Within the material below, locate the line with "104个自动拨号记忆 密码锁功能 防垃圾传真功能" and the line with "3 Teatry to", then return those two lines and all lines between them, exactly as written.
#### Material provided
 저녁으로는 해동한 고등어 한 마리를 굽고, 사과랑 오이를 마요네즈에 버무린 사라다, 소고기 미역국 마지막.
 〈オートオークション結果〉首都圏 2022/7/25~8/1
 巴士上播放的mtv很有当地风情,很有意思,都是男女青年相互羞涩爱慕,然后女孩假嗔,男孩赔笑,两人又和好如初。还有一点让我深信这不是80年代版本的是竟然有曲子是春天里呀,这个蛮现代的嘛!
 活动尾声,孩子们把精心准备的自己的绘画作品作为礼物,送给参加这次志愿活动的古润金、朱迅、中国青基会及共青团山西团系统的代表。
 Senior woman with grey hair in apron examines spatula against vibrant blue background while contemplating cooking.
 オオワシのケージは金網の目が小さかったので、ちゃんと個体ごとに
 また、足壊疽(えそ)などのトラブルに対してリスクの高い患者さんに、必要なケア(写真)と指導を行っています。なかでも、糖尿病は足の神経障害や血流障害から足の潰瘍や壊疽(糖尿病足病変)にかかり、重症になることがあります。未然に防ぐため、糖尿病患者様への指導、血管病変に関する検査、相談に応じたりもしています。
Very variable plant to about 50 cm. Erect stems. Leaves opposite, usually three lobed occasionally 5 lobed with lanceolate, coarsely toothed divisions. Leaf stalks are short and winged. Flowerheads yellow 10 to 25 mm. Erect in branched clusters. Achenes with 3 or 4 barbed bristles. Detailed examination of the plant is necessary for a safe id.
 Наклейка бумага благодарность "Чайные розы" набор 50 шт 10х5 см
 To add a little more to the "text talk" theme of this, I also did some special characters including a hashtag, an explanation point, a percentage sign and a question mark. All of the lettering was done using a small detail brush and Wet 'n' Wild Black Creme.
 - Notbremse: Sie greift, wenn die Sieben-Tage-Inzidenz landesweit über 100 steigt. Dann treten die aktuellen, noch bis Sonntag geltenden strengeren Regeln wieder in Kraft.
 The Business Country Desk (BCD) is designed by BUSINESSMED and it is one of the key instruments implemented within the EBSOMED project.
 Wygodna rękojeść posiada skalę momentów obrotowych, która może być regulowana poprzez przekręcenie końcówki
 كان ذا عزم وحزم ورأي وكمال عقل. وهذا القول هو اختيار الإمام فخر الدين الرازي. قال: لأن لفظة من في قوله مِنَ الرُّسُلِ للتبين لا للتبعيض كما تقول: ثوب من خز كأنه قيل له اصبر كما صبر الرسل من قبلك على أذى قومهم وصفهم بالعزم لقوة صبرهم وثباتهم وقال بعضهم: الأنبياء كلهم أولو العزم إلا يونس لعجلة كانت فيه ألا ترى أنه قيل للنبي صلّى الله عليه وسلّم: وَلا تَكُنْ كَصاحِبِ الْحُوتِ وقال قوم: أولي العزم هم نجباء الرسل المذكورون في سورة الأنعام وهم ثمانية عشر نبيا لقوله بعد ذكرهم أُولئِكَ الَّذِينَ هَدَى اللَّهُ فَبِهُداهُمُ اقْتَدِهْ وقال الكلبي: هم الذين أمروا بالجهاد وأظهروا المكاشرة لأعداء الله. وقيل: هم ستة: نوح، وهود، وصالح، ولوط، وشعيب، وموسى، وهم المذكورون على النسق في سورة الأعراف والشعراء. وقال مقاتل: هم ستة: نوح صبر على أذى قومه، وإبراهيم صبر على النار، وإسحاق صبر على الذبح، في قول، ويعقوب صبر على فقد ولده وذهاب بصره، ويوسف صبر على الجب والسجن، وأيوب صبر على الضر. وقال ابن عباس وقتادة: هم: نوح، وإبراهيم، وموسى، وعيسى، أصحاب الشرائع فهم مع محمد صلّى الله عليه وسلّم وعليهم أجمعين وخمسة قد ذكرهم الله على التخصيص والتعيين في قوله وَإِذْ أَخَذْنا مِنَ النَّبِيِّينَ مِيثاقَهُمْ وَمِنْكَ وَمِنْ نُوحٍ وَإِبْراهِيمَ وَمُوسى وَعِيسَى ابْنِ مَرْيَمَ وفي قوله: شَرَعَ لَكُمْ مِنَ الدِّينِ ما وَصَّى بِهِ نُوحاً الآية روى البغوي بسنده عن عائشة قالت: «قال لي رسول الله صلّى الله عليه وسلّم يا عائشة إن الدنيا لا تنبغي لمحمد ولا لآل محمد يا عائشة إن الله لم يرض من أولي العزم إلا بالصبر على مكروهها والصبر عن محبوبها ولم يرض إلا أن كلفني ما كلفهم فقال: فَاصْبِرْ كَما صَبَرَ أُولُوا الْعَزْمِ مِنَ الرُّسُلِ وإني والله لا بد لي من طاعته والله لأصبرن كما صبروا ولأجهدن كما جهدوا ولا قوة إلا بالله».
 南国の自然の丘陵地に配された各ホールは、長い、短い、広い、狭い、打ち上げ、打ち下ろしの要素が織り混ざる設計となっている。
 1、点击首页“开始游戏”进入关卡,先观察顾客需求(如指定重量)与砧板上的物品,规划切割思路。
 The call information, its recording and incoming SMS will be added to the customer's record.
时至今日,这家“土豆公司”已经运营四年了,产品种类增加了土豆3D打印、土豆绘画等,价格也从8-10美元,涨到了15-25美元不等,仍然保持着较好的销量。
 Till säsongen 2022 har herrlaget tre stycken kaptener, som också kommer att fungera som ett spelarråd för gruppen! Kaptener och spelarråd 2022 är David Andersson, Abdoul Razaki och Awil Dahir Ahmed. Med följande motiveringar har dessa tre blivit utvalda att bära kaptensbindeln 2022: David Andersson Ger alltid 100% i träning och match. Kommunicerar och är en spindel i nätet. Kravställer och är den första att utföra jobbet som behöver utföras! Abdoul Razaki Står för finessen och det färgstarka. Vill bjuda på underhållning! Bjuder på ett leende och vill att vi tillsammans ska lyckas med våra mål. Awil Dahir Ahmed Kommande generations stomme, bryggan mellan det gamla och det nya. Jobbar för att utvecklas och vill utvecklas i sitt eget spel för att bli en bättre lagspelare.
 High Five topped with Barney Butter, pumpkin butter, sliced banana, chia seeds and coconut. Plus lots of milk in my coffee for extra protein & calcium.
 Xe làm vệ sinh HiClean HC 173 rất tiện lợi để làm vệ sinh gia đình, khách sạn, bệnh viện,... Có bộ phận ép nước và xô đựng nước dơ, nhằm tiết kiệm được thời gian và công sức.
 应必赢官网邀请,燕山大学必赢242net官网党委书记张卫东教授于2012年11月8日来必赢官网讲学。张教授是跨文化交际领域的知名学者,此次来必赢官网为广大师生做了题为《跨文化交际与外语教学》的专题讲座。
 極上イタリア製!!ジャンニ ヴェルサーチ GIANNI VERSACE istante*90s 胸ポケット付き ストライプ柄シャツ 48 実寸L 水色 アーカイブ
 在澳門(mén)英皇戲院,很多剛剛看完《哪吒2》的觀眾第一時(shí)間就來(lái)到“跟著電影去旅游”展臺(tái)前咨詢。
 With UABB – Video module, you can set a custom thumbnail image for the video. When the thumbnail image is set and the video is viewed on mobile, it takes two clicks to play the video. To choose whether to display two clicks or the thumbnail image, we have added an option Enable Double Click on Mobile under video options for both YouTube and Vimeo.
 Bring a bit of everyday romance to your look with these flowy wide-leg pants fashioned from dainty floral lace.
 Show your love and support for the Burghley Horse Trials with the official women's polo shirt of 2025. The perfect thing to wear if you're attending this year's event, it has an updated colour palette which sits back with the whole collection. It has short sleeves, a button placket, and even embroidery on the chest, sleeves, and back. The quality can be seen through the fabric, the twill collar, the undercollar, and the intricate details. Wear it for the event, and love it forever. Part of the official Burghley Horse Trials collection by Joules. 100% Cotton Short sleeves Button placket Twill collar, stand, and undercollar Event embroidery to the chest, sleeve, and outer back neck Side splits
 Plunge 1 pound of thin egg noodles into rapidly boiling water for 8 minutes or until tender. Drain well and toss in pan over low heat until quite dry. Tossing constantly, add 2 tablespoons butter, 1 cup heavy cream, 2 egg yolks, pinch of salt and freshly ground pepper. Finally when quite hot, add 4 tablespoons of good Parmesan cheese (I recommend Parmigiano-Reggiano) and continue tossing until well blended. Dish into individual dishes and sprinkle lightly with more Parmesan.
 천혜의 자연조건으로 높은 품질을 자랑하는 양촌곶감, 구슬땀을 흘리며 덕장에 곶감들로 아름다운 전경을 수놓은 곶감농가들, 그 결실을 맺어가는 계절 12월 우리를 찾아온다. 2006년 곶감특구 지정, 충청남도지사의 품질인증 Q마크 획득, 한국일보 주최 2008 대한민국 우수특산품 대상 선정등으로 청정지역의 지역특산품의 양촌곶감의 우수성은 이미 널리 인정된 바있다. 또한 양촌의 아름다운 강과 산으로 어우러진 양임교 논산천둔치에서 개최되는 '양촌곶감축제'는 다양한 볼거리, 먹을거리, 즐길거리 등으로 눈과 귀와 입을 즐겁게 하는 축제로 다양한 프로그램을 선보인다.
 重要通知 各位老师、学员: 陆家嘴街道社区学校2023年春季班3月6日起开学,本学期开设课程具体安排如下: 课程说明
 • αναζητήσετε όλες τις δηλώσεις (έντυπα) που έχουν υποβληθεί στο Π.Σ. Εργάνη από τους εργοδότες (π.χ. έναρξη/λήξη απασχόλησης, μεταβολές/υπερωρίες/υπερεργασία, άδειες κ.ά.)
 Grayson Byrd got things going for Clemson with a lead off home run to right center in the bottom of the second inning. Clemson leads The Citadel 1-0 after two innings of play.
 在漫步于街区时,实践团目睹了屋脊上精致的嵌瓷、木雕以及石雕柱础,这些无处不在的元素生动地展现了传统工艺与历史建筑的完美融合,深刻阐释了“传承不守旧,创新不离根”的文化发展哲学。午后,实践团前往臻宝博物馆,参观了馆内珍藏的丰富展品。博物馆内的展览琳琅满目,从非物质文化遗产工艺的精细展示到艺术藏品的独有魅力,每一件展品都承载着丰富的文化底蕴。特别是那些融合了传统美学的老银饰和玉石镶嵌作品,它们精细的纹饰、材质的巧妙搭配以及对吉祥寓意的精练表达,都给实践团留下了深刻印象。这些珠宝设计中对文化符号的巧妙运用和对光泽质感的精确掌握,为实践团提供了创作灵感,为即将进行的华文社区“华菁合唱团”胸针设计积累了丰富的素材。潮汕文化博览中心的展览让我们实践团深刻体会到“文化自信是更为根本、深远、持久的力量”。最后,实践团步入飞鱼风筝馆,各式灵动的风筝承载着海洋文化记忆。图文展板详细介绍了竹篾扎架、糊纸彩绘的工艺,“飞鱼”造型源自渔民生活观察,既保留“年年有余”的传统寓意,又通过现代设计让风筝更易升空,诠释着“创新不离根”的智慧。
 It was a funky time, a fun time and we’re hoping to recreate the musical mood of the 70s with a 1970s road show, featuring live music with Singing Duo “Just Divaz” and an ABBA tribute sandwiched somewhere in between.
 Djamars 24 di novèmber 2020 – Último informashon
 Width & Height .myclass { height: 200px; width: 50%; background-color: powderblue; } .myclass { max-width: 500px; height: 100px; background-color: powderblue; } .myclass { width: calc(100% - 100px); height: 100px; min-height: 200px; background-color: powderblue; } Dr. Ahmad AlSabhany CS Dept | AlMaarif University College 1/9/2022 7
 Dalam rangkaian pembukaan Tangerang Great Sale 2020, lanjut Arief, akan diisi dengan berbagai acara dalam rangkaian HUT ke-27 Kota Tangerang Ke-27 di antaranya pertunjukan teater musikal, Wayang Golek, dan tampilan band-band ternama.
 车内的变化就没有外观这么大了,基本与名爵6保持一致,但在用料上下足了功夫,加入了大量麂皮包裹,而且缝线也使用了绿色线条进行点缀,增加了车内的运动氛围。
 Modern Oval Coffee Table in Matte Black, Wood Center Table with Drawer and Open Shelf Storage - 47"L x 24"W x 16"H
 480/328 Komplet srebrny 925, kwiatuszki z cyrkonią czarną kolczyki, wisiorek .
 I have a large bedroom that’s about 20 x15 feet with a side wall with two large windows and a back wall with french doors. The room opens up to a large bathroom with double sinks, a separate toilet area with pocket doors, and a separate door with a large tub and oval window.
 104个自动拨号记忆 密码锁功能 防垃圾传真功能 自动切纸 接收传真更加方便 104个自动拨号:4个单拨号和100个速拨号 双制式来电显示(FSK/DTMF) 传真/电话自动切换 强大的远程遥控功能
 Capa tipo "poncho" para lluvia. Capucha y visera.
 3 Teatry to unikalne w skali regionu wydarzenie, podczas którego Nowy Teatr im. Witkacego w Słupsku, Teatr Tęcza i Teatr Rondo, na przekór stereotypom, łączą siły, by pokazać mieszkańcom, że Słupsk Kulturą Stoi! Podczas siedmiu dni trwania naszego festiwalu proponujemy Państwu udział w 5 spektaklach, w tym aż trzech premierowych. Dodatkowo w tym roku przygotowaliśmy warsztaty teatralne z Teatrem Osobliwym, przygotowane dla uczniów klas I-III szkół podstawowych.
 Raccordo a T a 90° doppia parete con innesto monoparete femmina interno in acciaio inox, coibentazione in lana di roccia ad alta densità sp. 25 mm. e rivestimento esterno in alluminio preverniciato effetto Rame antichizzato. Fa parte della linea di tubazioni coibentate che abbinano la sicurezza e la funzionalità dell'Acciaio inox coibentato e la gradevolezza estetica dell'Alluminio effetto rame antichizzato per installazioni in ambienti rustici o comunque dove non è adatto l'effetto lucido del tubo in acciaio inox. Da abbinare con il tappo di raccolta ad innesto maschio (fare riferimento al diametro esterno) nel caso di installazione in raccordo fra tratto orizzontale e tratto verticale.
########
**Your response**
 104个自动拨号记忆 密码锁功能 防垃圾传真功能 自动切纸 接收传真更加方便 104个自动拨号:4个单拨号和100个速拨号 双制式来电显示(FSK/DTMF) 传真/电话自动切换 强大的远程遥控功能
 Capa tipo "poncho" para lluvia. Capucha y visera.
 3 Teatry to unikalne w skali regionu wydarzenie, podczas którego Nowy Teatr im. Witkacego w Słupsku, Teatr Tęcza i Teatr Rondo, na przekór stereotypom, łączą siły, by pokazać mieszkańcom, że Słupsk Kulturą Stoi! Podczas siedmiu dni trwania naszego festiwalu proponujemy Państwu udział w 5 spektaklach, w tym aż trzech premierowych. Dodatkowo w tym roku przygotowaliśmy warsztaty teatralne z Teatrem Osobliwym, przygotowane dla uczniów klas I-III szkół podstawowych.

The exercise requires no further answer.